_PROBLEM STATEMENT_.
An exact transcription of every record below is required, with the pictures left out.

_DATA FOR THIS TASK_.
━━━━━━━━━━━━━━━━━━━━
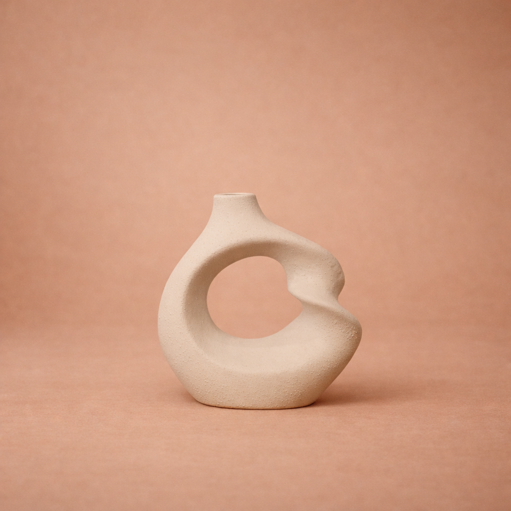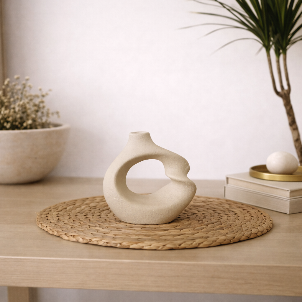 Ola Seramik Vazo, akıcı ve asimetrik formu ile modern dekorasyona sanatsal bir ifade kazandırır. İç boşluklu yapısı ve yumuşak kıvrımları sayesinde mekânda hareketli ama dengeli bir duruş sergiler. Doğal beyaz tonu ve mat yüzeyi, vazoya zamansız ve ferah bir karakter kazandırır. El yapımı dokusu her parçayı benzersiz kılar. Tek başına dekoratif bir obje olarak kullanılabileceği gibi, minimal kuru dallar veya tek dal çiçeklerle de şık bir kompozisyon oluşturur. Konsol, sehpa ve raf dekorasyonlarında modern ve doğal bir atmosfer yaratmak isteyenler için ideal bir parçadır. Lea Concept’in sade ve estetik anlayışını yansıtır.
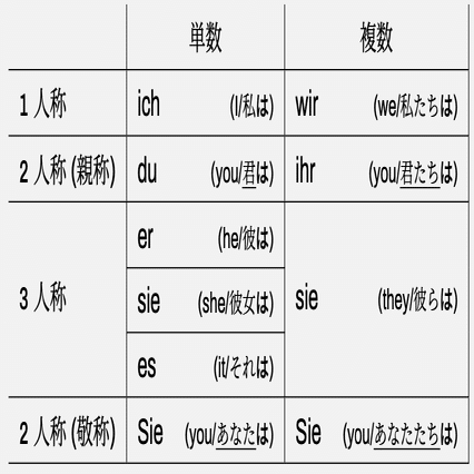 (以降2人称敬称単数・複数のSieは3人称複数に含め「sie(Sie)」と表記します。) -
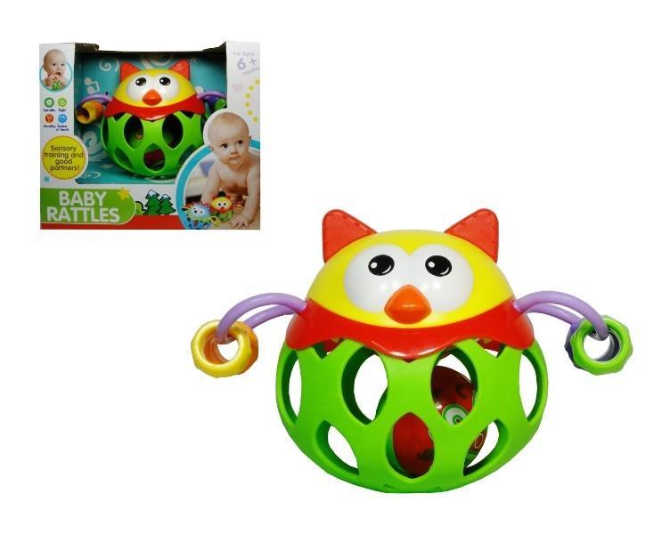 Plastikowo-gumowa grzechotka zwierzątko. W swoim wnętrzu posiada piłeczkę grzechotkę co oddziałuje na słuch u dzieci. Poza tym część tyłowia wykonana jest z tworzywa gumowego posiada także otwory które ułatwią chwytanie zabawki przy okazji rozwinie motory
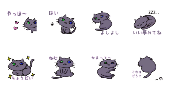 可愛いオッドアイの灰色の猫の動くスタンプです。
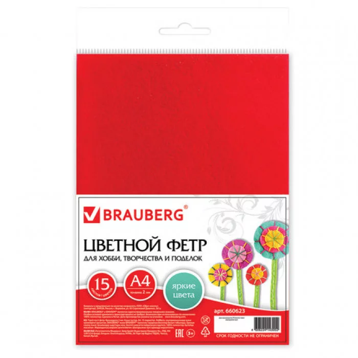 Цветной фетр для творчества, А4, BRAUBERG/ОСТРОВ СОКРОВИЩ, 15 листов, 15 цветов, толщина 2 мм, 660623
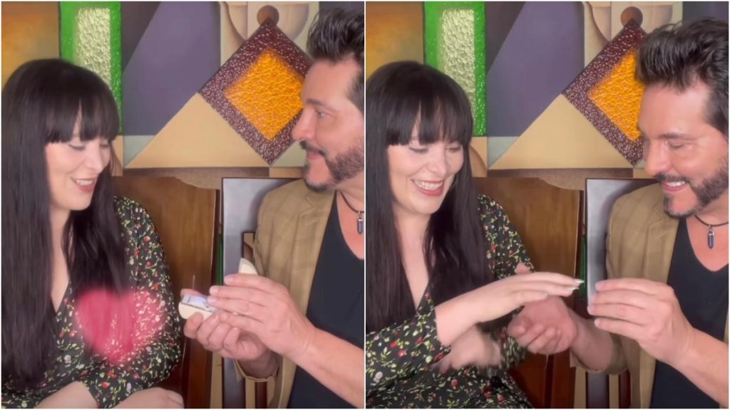 Una vez la artista terminó de pronunciarse sobre el matrimonio, Cezán sacó de su bolsillo un cofre con argollas. “¿Mi amor te quieres casar conmigo? ¿quieres renovar los votos conmigo?”, preguntó Cezán.
━━━━━━━━━━━━━━━━━━━━
_OUTPUT OF THE EXERCISE_.
 Ola Seramik Vazo, akıcı ve asimetrik formu ile modern dekorasyona sanatsal bir ifade kazandırır. İç boşluklu yapısı ve yumuşak kıvrımları sayesinde mekânda hareketli ama dengeli bir duruş sergiler. Doğal beyaz tonu ve mat yüzeyi, vazoya zamansız ve ferah bir karakter kazandırır. El yapımı dokusu her parçayı benzersiz kılar. Tek başına dekoratif bir obje olarak kullanılabileceği gibi, minimal kuru dallar veya tek dal çiçeklerle de şık bir kompozisyon oluşturur. Konsol, sehpa ve raf dekorasyonlarında modern ve doğal bir atmosfer yaratmak isteyenler için ideal bir parçadır. Lea Concept’in sade ve estetik anlayışını yansıtır.
 (以降2人称敬称単数・複数のSieは3人称複数に含め「sie(Sie)」と表記します。) -
 Plastikowo-gumowa grzechotka zwierzątko. W swoim wnętrzu posiada piłeczkę grzechotkę co oddziałuje na słuch u dzieci. Poza tym część tyłowia wykonana jest z tworzywa gumowego posiada także otwory które ułatwią chwytanie zabawki przy okazji rozwinie motory
 可愛いオッドアイの灰色の猫の動くスタンプです。
 Цветной фетр для творчества, А4, BRAUBERG/ОСТРОВ СОКРОВИЩ, 15 листов, 15 цветов, толщина 2 мм, 660623
 Una vez la artista terminó de pronunciarse sobre el matrimonio, Cezán sacó de su bolsillo un cofre con argollas. “¿Mi amor te quieres casar conmigo? ¿quieres renovar los votos conmigo?”, preguntó Cezán.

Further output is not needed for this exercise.